На зеленом берегу наспех сколочены длинные тесовые столы буквой «П», в челе — место для молодых и для начальства. Здесь стол покрыт белыми простынями, на остальных простыней не хватило. Вокруг стола хлопочут жинки-общественницы, уставляют закуску: холодное мясо ломтями — свинина, баранина, говядина; райпотребсоюзовская, крупно нарубленная селедка с вареной картошкой; квашеная капуста, щедро политая постным маслом; на противнях горы холодца, размякающего от жары; огурцы прошлогоднего посола; бордовые винегреты под тем же райпотребсоюзовским постным маслом. Меж всем этим убранством — ясные бутылки «Столиичной», сумрачно нарядные — шампанского. Ближе к молодым в стеклянных графинах, какие обычно украшают столы президиума во время заседаний, — мутно-янтарная бражка, налитая по самые пробки.
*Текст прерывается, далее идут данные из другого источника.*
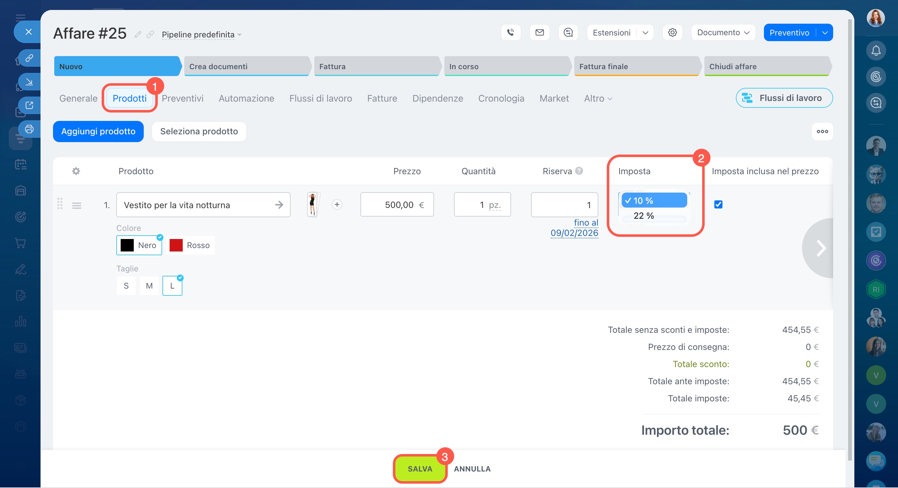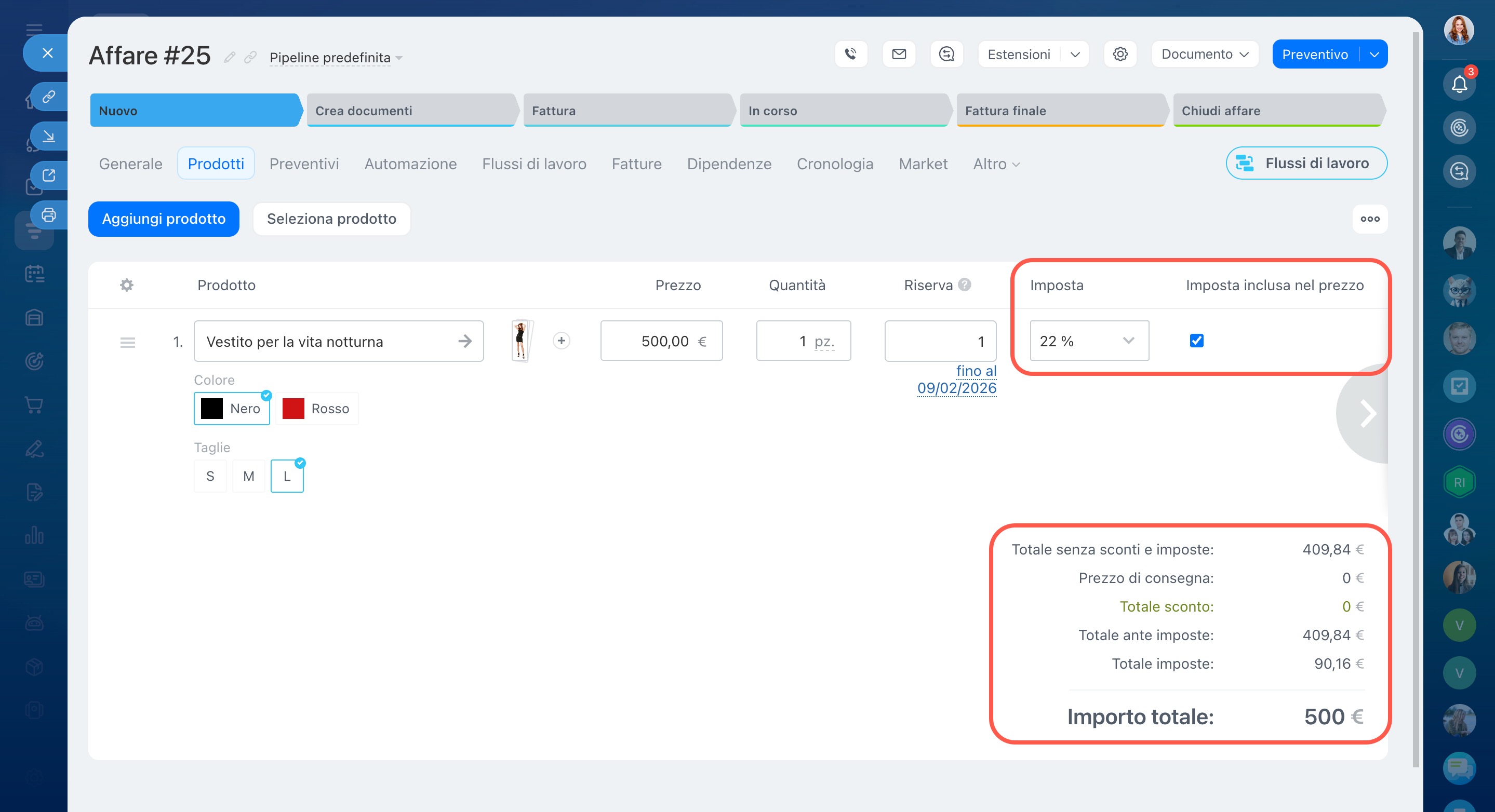 Nella scheda dell’affare. Nell’affare viene mostrata l’aliquota IVA predefinita oppure quella impostata nella scheda del singolo prodotto. Se necessario, puoi modificarla manualmente.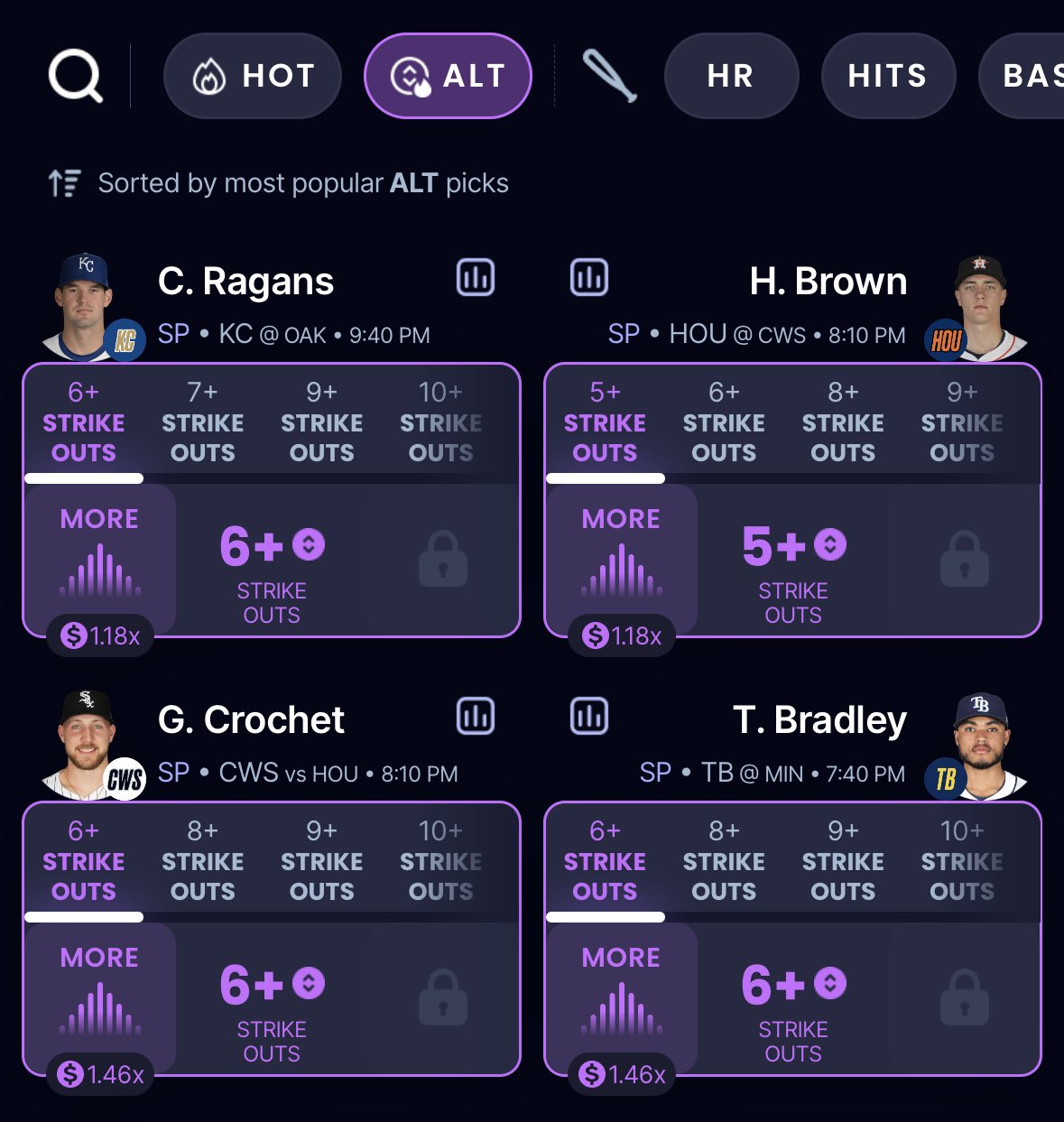 We get to pick today with Wildcard Wednesday between Garrett Crochet 13.5 Outs or Cole Ragans 14.5 Outs. While I think both are great options, the matchup for Ragans is far more favorable than the matchup for Crochet and, therefore, I will take the higher projection with Ragans taking on the Oakland Athletics.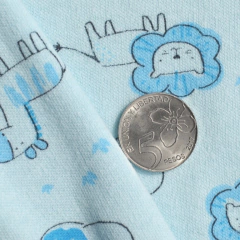 Tela estampada y suave al tacto, elástica, buen acabado, caída suave, sin brillo, semigruesa, cálida, cómoda, de fácil lavado y resistente al uso.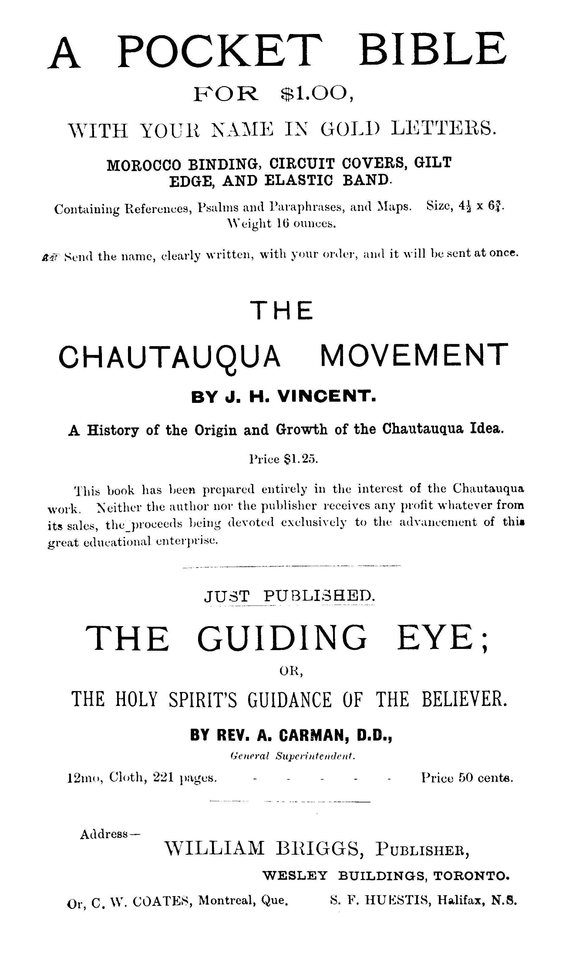 Toronto :, W. Briggs, [1890]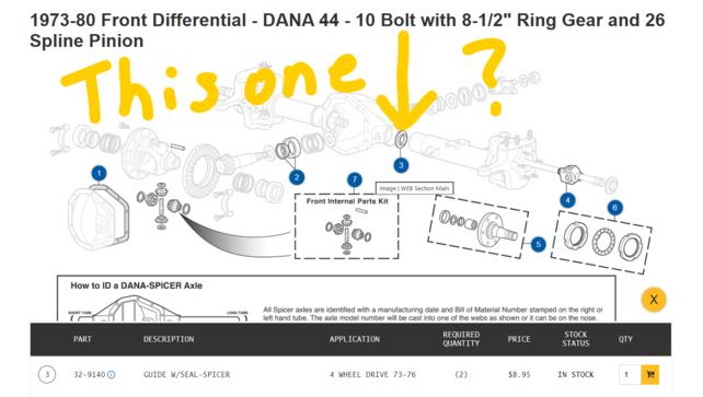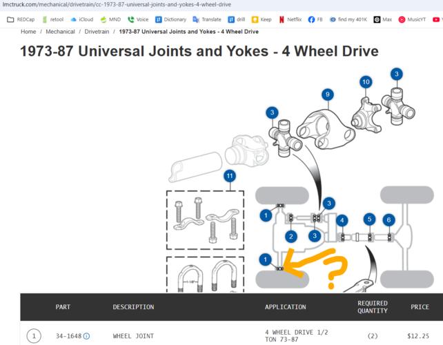 Good idea. Do you think this is the right u-joint? LMC shows the axle u-joint for 1973-87 4wd, 1/2 ton. Mine is a Dana 44 8F

Подальше от молодых — та же бражка, но только в разномастных эмалированных чайниках.
Народу на берегу, что пчел на летке перед роением, — топчутся, мнут траву, сходятся кучками, степенно беседуют о погоде, о яровых, о том, что неплохо бы дождичек, нет, не сегодня — боже упаси! — как-нибудь на днях. Все в костюмах, в чистых рубахах, кой на ком пучится шляпа, кой-кого не сразу распознает и сосед, влажный речной запах нет-нет да и перебьет густая волна нафталина. Девицы ходят в цветистых платьях, при часах на запястьях, каждая держит в кулаке чистый носовой платочек. Дед Исай мученически морщится — жмут ни разу не надеванные ботинки. Все стараются углубиться в беседу, чтоб не глазеть зря на стол — неприлично выказывать нетерпение.
Наконец гуляющей походкой подошли гости из района: невысокий, коротко стриженный Пухначев, рослый, начавший полнеть Кучин, осанистый Тужиков из райпотребсоюза, тихий, в очках директор из банка… Подошли, растворились среди масс, примкнули к разговорам о яровых.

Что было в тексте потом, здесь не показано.